Well, following a post where I show you how vapid and shallow my life is, by confessing the extreme level of excitement and happiness that a new camera brings me .... I figure now is as good a time as any to show you my photos from our second assignment in class (all taken with "the old" camera, I should add.)

The goal for this week was to become more comfortable with the manual settings on our cameras. Since many of us (me, me, me!) primarily use our cameras in the 'auto-everything' mode, the instructor wanted us to learn how to properly select shutter speed, and properly select aperture, and when it might be necessary or beneficial to use either one of those modes, as opposed to letting the camera set everything itself. (Wow, that was a really long run-on sentence, wasn't it?)

For the first half of the assignment, we met at a local park on Saturday morning and discussed shutter speed and a technique called "panning". The goal of panning is to capture a moving object in the frame, and have that object be in focus, but have everything else be blurred, to "show" the action that is happening. You accomplish this, hopefully, by pre-focusing on one place, then “following” the action with your camera, moving your body in the same direction as the action, and then releasing the shutter at the pre-focused spot at exactly the right second.

Here is a good example (in my opinion, anyway) of panning that I pulled off the internet:



Here, on the other hand, are the images I took as our instructor drove back and forth in his car, and where I prove I might very well be the world’s worst panner --- ever:






Determined not to give up, by golly, I *WILL* conquer panning, I begged my nephew to let me practice on him while he rode a bike back and forth. It took about forty tries (thanks, Dalton!) but I finally got one that I think is ….. not terrible:



Then, we were to capture the same image, panning at a faster shutter speed, showing a sort of “freeze” of the action. So even though the car is moving at about 20 mph, it looks static in the photo. None of us in the class had any trouble with this:



Then, we were to switch from shutter mode to aperture mode, and take photos in the flower gardens of the local park. The goal was to capture close depth of field images, where the items in the foreground are focused but everything else has a nice blur to it, and also to capture the same image with a long depth of field, meaning everything in the picture is in focus.

Pretty much everyone in the class was successful with this, also. This is my favorite picture of the short depth of field:




But to be honest, I thought the pictures I took at the wall of the Memorial Site last week were a better example of this, even though I didn’t do it on purpose then, and the camera had selected the aperture that day. Maybe this is a lesson that sometimes, the camera really does know what’s best??? I hate admitting that a small plastic box is smarter than I am, but I'm starting to wonder .....







And for the second half of the assignment, we were to take pictures wherever, whenever, with an eye for composition and lighting. The teacher is very gentle in his critiques, to say the least, but it is helpful to hear what he thinks about why a picture works or why it doesn’t.

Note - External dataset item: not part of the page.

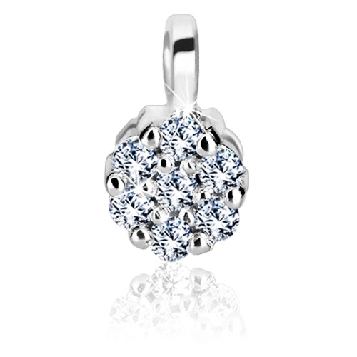 Read More DetailsThe pendant is available in white 585 gold with round shape. It is adorned with seven round zircons with flower motif at the front of the circle. The glittery zircons are clear. The pendant clasp is round and it is placed at the top of the pendant.

He liked the picture of Barley I took and said it was good use of the rule of thirds. Again, I just think she’s cute. Except when she’s pooping in my bedroom, which seems to be her favorite place to go. (sigh)

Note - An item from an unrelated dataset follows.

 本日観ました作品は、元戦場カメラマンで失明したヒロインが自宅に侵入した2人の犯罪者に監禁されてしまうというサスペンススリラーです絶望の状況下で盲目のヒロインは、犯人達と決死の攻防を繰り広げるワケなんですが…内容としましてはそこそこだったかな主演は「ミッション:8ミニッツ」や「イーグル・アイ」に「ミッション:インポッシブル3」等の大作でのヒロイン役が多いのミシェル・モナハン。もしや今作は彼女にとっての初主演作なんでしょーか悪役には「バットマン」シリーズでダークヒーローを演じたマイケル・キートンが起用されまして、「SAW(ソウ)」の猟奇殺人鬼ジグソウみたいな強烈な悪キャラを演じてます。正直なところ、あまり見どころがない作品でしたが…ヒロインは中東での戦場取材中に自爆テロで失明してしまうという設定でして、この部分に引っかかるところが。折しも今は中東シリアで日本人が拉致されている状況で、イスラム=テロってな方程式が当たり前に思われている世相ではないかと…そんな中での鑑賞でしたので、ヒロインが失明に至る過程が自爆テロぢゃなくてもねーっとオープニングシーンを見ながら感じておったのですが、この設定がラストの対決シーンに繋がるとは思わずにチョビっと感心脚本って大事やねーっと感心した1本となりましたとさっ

He wasn’t that impressed with this photo of Kellen. Personally, I think the color is a bit off and wonder if doing some sort of saturation work in Photoshop might be helpful.



While he said the composition of this photo was nice (local park) he said the lighting was too harsh; too many bright spots and shadows. He suggested taking it on an overcast day because the lighting would probably be softer and less glare-y. Is glare-y a word? Because I totally know what I mean.



Even though this picture of my nephew Landon wake-boarding from last weekend wasn’t so much a controlled, contrived shot, as it was a random, lucky click of the shutter at exactly the right moment, the instructor liked it. Said the ski rope leads the eye nicely to the subject, and was a good use of shutter speed. Um ….. ok. I just thought it was funny.



His favorite of all mine from this week was this shot of a windmill. I changed nothing about it, not cropping, not zooming, not the color or the brightness or anything. Just a straight, out of the camera shot. To be honest, I sort of like it, too.


And now, of course, it’s time to start playing with my new camera.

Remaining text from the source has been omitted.